---------- SUPPLIED DATA

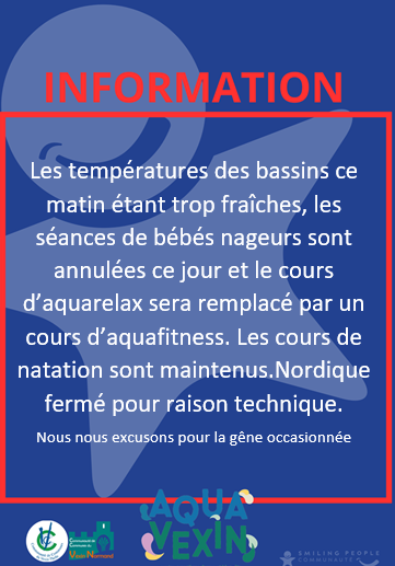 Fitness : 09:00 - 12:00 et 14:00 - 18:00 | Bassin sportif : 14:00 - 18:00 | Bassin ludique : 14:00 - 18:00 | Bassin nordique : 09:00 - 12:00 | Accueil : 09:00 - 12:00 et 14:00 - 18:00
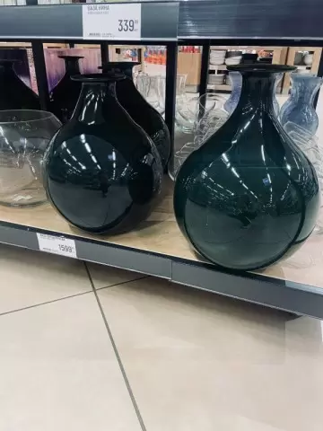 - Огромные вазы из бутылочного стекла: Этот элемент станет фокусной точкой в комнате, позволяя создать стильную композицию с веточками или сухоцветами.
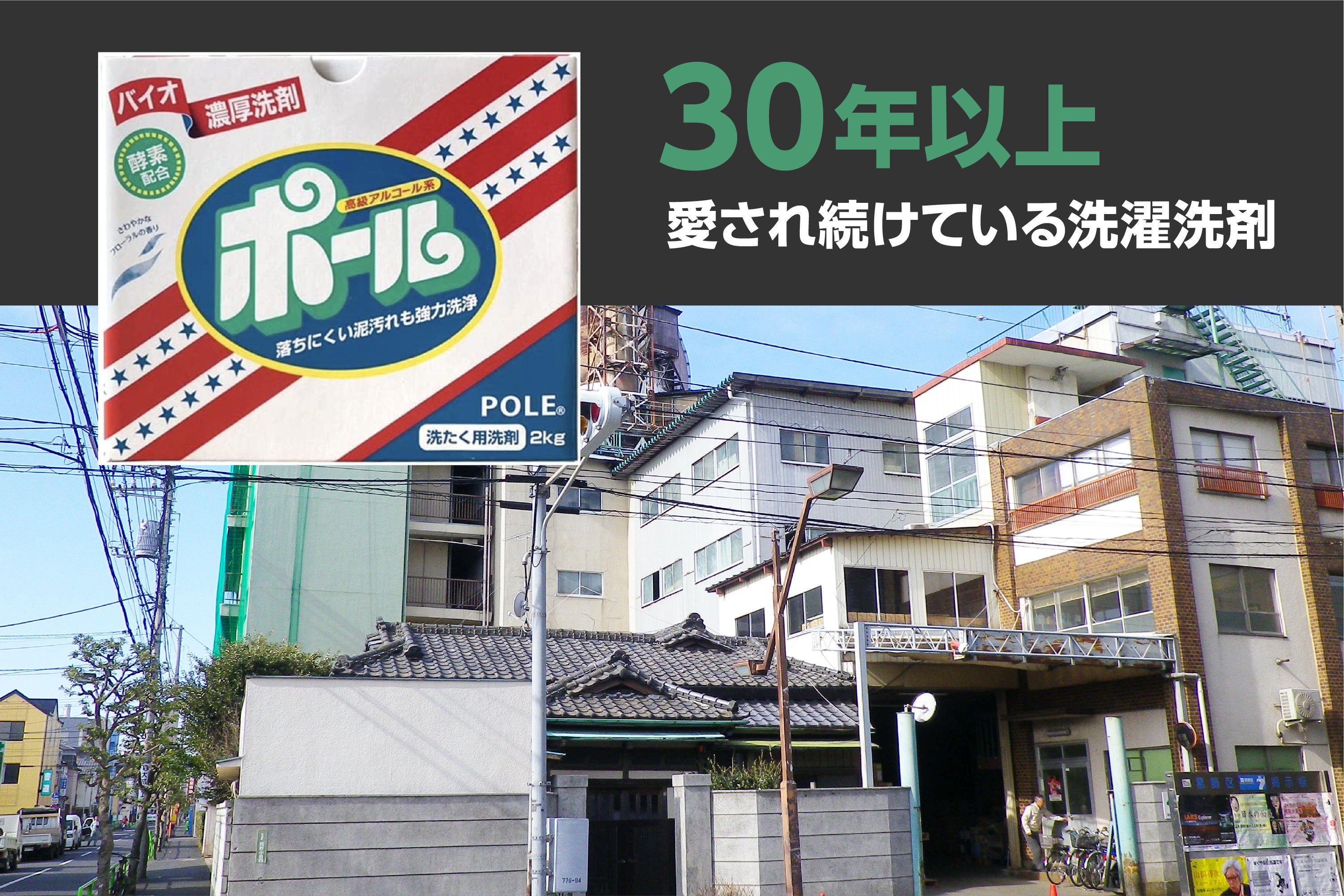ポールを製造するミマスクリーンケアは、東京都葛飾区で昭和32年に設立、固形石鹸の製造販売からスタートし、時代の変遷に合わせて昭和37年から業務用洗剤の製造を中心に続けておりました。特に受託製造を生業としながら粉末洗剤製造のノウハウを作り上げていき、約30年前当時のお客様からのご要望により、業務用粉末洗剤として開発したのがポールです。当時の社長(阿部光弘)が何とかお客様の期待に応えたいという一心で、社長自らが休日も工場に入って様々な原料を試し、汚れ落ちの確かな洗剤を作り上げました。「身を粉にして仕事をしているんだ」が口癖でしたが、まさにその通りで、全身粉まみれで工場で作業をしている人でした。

--------------------

## PROBLEM TO WORK ON
All of the listing above must be output exactly, except for its pictures.

## ANSWER BOX
 Fitness : 09:00 - 12:00 et 14:00 - 18:00 | Bassin sportif : 14:00 - 18:00 | Bassin ludique : 14:00 - 18:00 | Bassin nordique : 09:00 - 12:00 | Accueil : 09:00 - 12:00 et 14:00 - 18:00
 - Огромные вазы из бутылочного стекла: Этот элемент станет фокусной точкой в комнате, позволяя создать стильную композицию с веточками или сухоцветами.
ポールを製造するミマスクリーンケアは、東京都葛飾区で昭和32年に設立、固形石鹸の製造販売からスタートし、時代の変遷に合わせて昭和37年から業務用洗剤の製造を中心に続けておりました。特に受託製造を生業としながら粉末洗剤製造のノウハウを作り上げていき、約30年前当時のお客様からのご要望により、業務用粉末洗剤として開発したのがポールです。当時の社長(阿部光弘)が何とかお客様の期待に応えたいという一心で、社長自らが休日も工場に入って様々な原料を試し、汚れ落ちの確かな洗剤を作り上げました。「身を粉にして仕事をしているんだ」が口癖でしたが、まさにその通りで、全身粉まみれで工場で作業をしている人でした。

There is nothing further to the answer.